> Work item
Set the listing down exactly; no pictures.

> Supplied material

────────────────

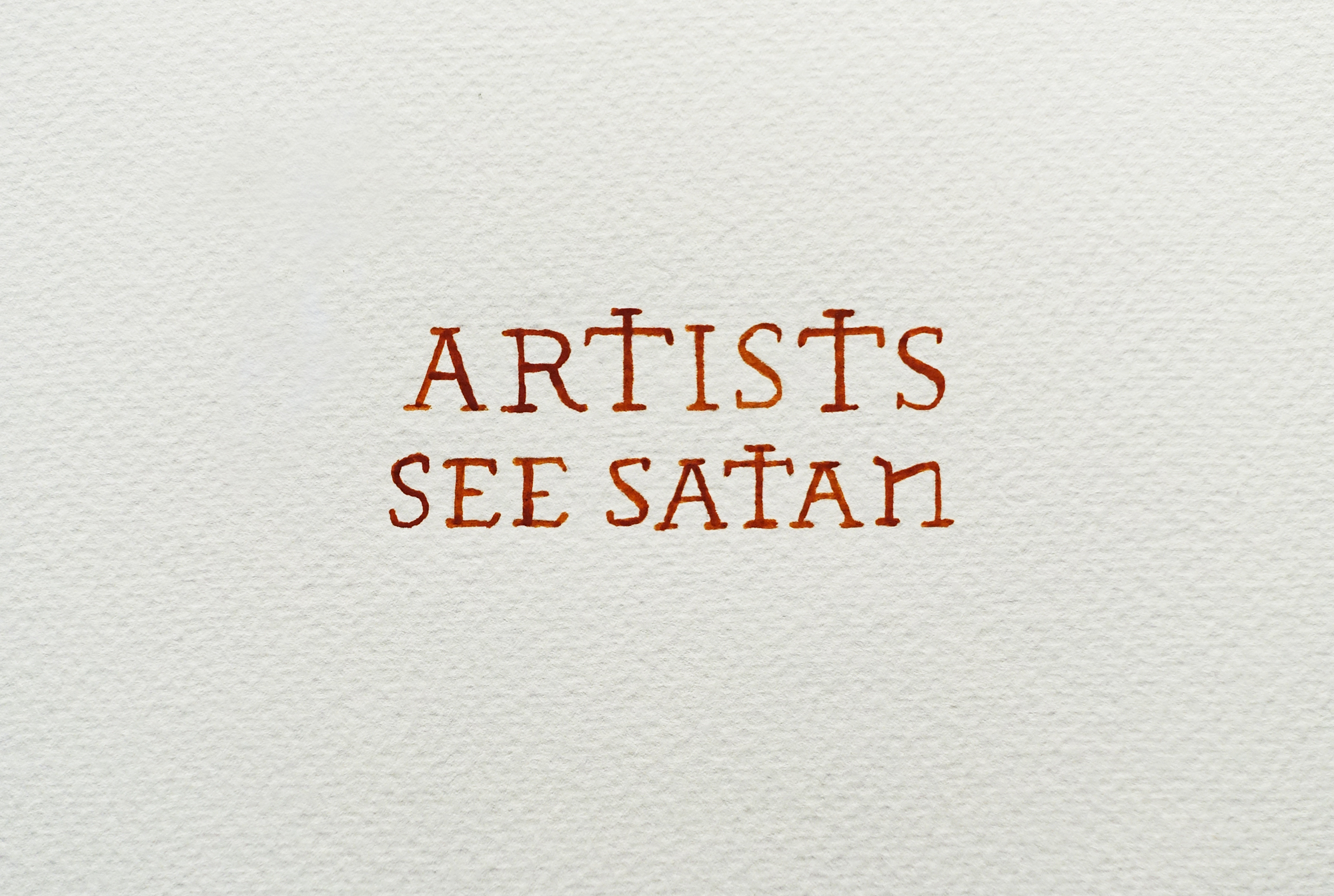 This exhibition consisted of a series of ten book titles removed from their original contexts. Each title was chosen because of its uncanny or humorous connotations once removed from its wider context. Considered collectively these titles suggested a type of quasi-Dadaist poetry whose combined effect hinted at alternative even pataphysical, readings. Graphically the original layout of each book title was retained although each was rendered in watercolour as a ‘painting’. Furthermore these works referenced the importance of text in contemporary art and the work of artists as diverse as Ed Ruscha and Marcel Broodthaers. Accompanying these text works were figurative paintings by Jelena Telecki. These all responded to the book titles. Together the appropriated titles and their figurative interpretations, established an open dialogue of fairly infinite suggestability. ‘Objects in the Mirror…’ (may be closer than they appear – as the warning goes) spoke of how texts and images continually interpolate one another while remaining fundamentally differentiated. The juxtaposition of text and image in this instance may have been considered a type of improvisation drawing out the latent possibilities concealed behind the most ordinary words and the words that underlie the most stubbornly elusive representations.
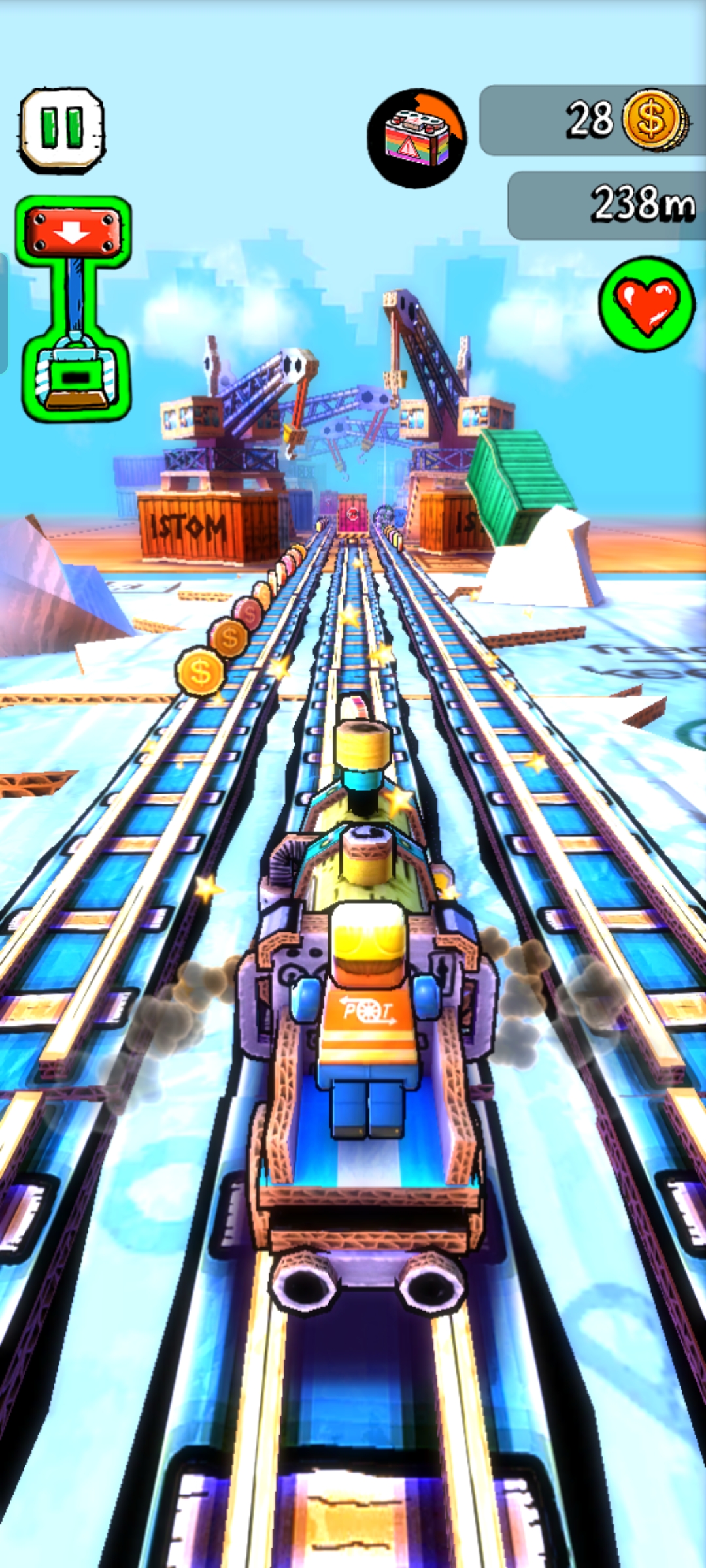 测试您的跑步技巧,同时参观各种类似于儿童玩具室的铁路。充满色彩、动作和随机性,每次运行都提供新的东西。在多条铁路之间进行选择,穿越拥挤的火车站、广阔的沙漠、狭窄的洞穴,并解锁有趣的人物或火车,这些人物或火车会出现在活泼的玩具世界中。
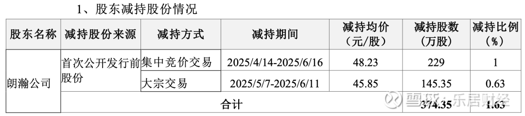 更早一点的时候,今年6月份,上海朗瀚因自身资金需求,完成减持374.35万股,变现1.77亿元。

────────────────

> Task result
 This exhibition consisted of a series of ten book titles removed from their original contexts. Each title was chosen because of its uncanny or humorous connotations once removed from its wider context. Considered collectively these titles suggested a type of quasi-Dadaist poetry whose combined effect hinted at alternative even pataphysical, readings. Graphically the original layout of each book title was retained although each was rendered in watercolour as a ‘painting’. Furthermore these works referenced the importance of text in contemporary art and the work of artists as diverse as Ed Ruscha and Marcel Broodthaers. Accompanying these text works were figurative paintings by Jelena Telecki. These all responded to the book titles. Together the appropriated titles and their figurative interpretations, established an open dialogue of fairly infinite suggestability. ‘Objects in the Mirror…’ (may be closer than they appear – as the warning goes) spoke of how texts and images continually interpolate one another while remaining fundamentally differentiated. The juxtaposition of text and image in this instance may have been considered a type of improvisation drawing out the latent possibilities concealed behind the most ordinary words and the words that underlie the most stubbornly elusive representations.
 测试您的跑步技巧,同时参观各种类似于儿童玩具室的铁路。充满色彩、动作和随机性,每次运行都提供新的东西。在多条铁路之间进行选择,穿越拥挤的火车站、广阔的沙漠、狭窄的洞穴,并解锁有趣的人物或火车,这些人物或火车会出现在活泼的玩具世界中。
 更早一点的时候,今年6月份,上海朗瀚因自身资金需求,完成减持374.35万股,变现1.77亿元。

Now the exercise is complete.